Epitope prediction dates back to 1981 when the first B cell epitope prediction method was developed by Hopp and Woods. Since then many more methods have been developed or adapted from other computational tools; for example B cell epitope prediction and T cell epitope prediction. Despite the early start, however, prediction systems for B cell epitopes are still in their infancy.

 

General epitope prediction methods

 

1. Sequence-based epitope prediction

Sequence-based method utilises the notion that sequence dictates structure and identical structure in turn leads to identical functions. T cell epitopes have a common sequence pattern or motif, as well as MHC allele specificity determining subpatterns.

To make useful, informative epitope prediction, epitope physicochemical properties are also used, such as exposed surface, accessibility, flexibility, hydrophilicity, charge, number of proline residues, the proximity of the segment towards the C- or N-terminal of the protein, etc. Due to the enormous number of physicochemical properties that are associated with epitopes, simpler quantitative descriptors of amino acid properties are sometimes used to simplify computation.

Techniques, such as binding motifs, quantitative matrices (QM), virtual matrices, machine learning algorithms (ANN, HMM, SVM), evolutionary algorithms, linear programming, etc. are used to identify the binding peptide. They all have their relative advantages and disadvantages. For example, in a comparative study, Yu et al. suggested that motifs give the most accurate MHC-peptide binding predictions with a limited dataset, but as the data volume increases, machine learning predictions become more reliable.

 

2. Structure-based epitope prediction

The structure-based prediction model bases on 3D protein structure to screen potential binders. Structural similarity between query protein and template proteins are used to predict epitopes of interest.

 

3. Hybrid prediction methods: combining sequential with structural analysis

Given the poor performance of epitope predictors based on sequence or structure analysis, it is clear that any single method cannot accurately predict epitopes. Consequently, some researchers turned to building predictive methods taking advantage of both sequential and structural information. For example, a new method which integrates 3D protein structure with physicochemical properties of amino acids using machine learning methods like Hidden Markov Model (HMM), supporting vector machine (SVM), ANN, etc. improved the prediction precision to a though small but significant degree. Like structural-based approach, its further development is hampered by the limited availability of 3D structure data of antigens and true negative datasets, both to construct better predictors and evaluate the algorithms. There is also the possibility of false positives because different antibodies have overlapping binding sites.

 

METHODS

1.      ProPred: predicting binders of 51 HLA-DR (MHC class II of human) alleles.

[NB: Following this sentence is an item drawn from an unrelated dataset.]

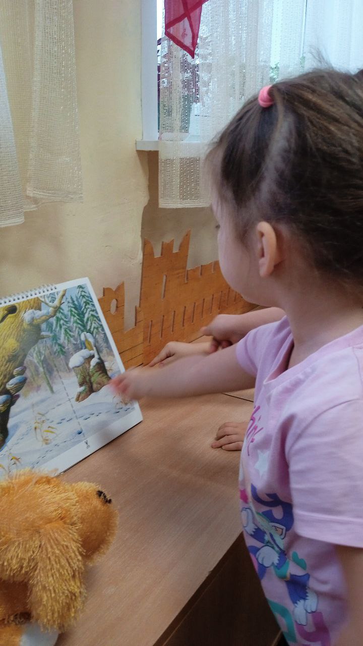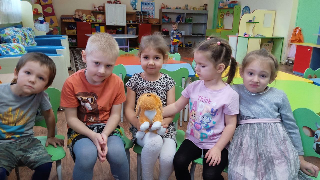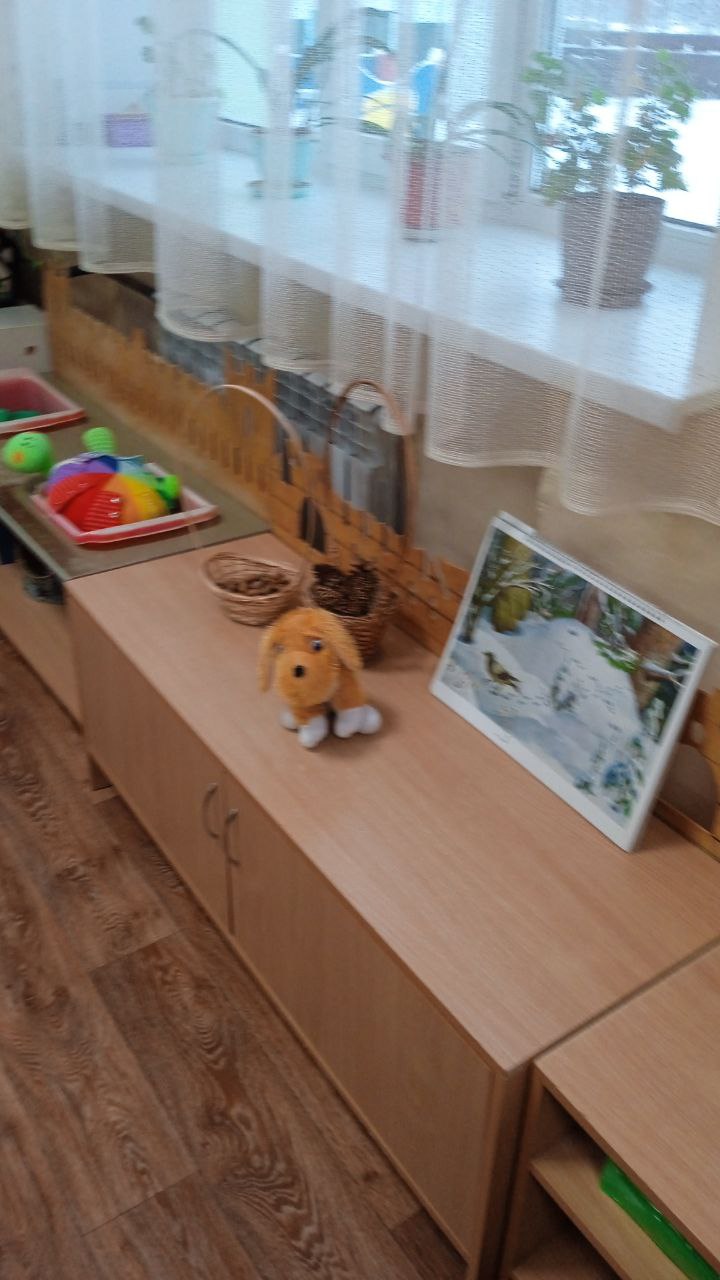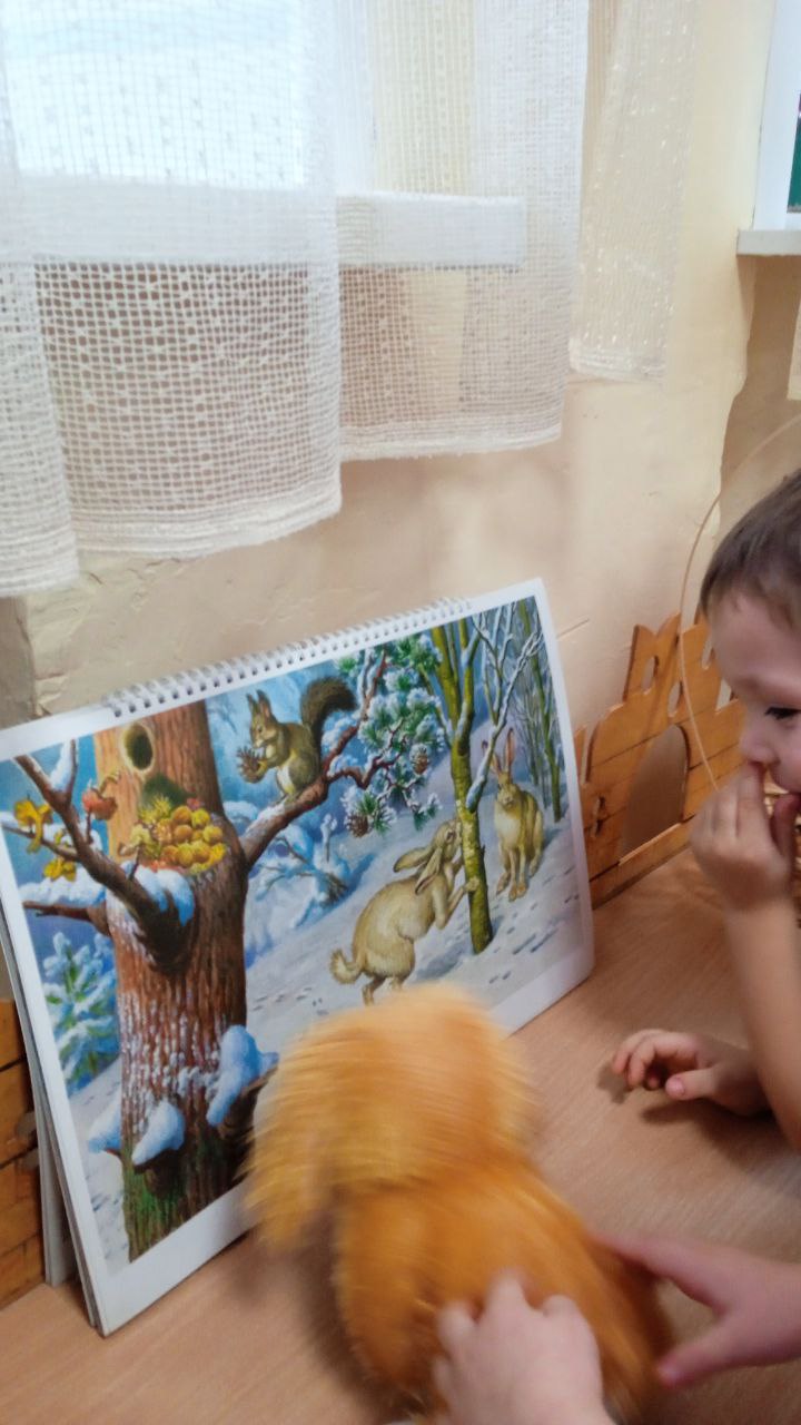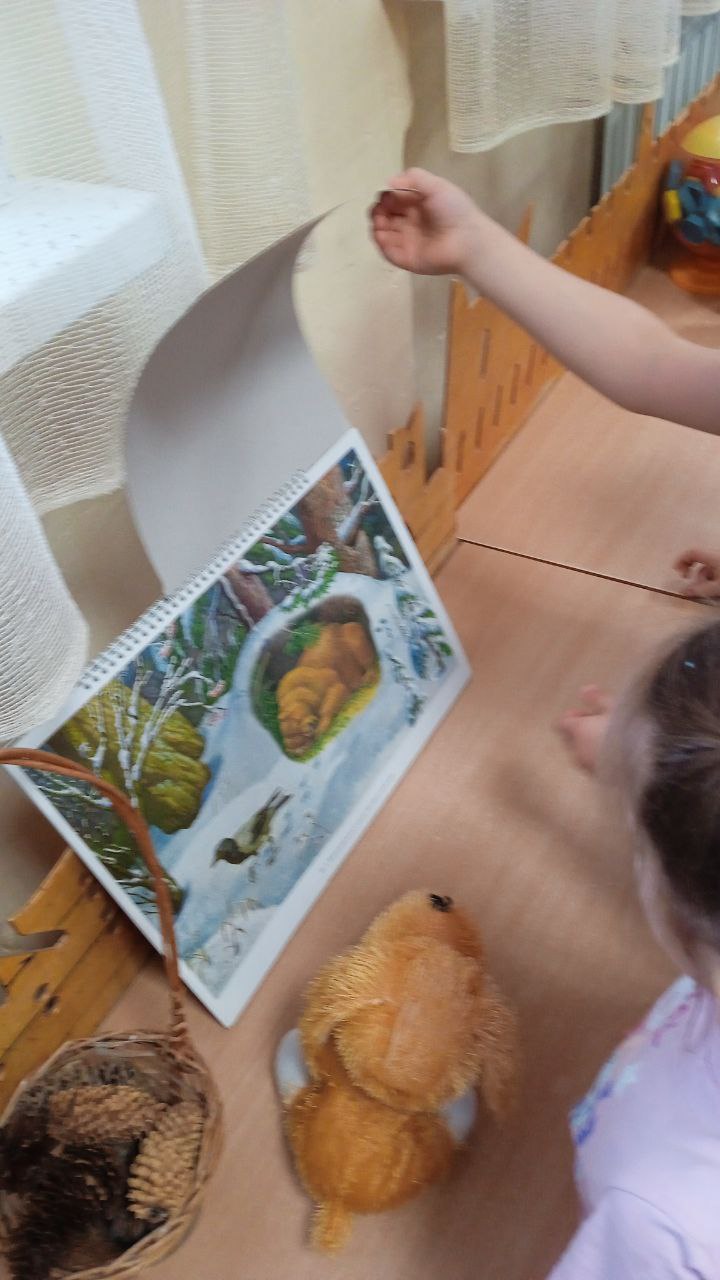 В средней группе прошло тематическое занятие, к детям приходил щенок Бобик и попросил детей рассказать о том, как в лесу зимуют животные.

2.      Propred1: binding peptides of MHC class I alleles. Matrix based methods

3.      nHLAPred: Promiscuous MHC class I restricted T cell epitopes: ANN, QM

4.      CTLPred: predicting cytotoxic T lymphocyte (CTL) epitopes in an antigenic sequence: SVM, QM, ANN

5.      TAPPred: predicting TAP binding peptide in a protein

6.      BcePred: Prediction of linear B-cell epitopes, using physico-chemical properties

7.      ABCPred: predict B cell epitope(s) in an antigen sequence, using artificial neural network

8.      Pcleavage: SVM based method for Proteosome cleavage prediction

9.      MMBpred: predict mutated high affinity and promiscuous MHC class-I binding peptides from protein sequence

10.  HLA-DR4Pred: an SVM and ANN based HLA-DRB1*0401(MHC class II alleles) binding peptides prediction method

 

RELEVANCE:

The implication of epitope prediction in both public health and basic scientific research is vast. It is applicable to all epitope-related research, such as discovery of peptide candidate for subunit vaccines, autoimmune diseases study, allergy treatment, protein structural study, experiment design, etc. Developing epitope predictive methods and software to identify and map potential epitopes from an antigen protein is vital to contest the immune and infectious diseases. Drug development is the major financial drive for epitope prediction. Epitope-based vaccines have been shown to have promising results and confer protection to animal models in clinical trials, supporting the prophylactic, therapeutic and protective effects of these vaccines. The advantages of subunit vaccines over other types of vaccines are pronounced. Therefore, huge resources are being channelled into developing subunit vaccines against important, intractable diseases such as cancer, HIV/AIDS, HCV and many other infectious, viral and immune diseases.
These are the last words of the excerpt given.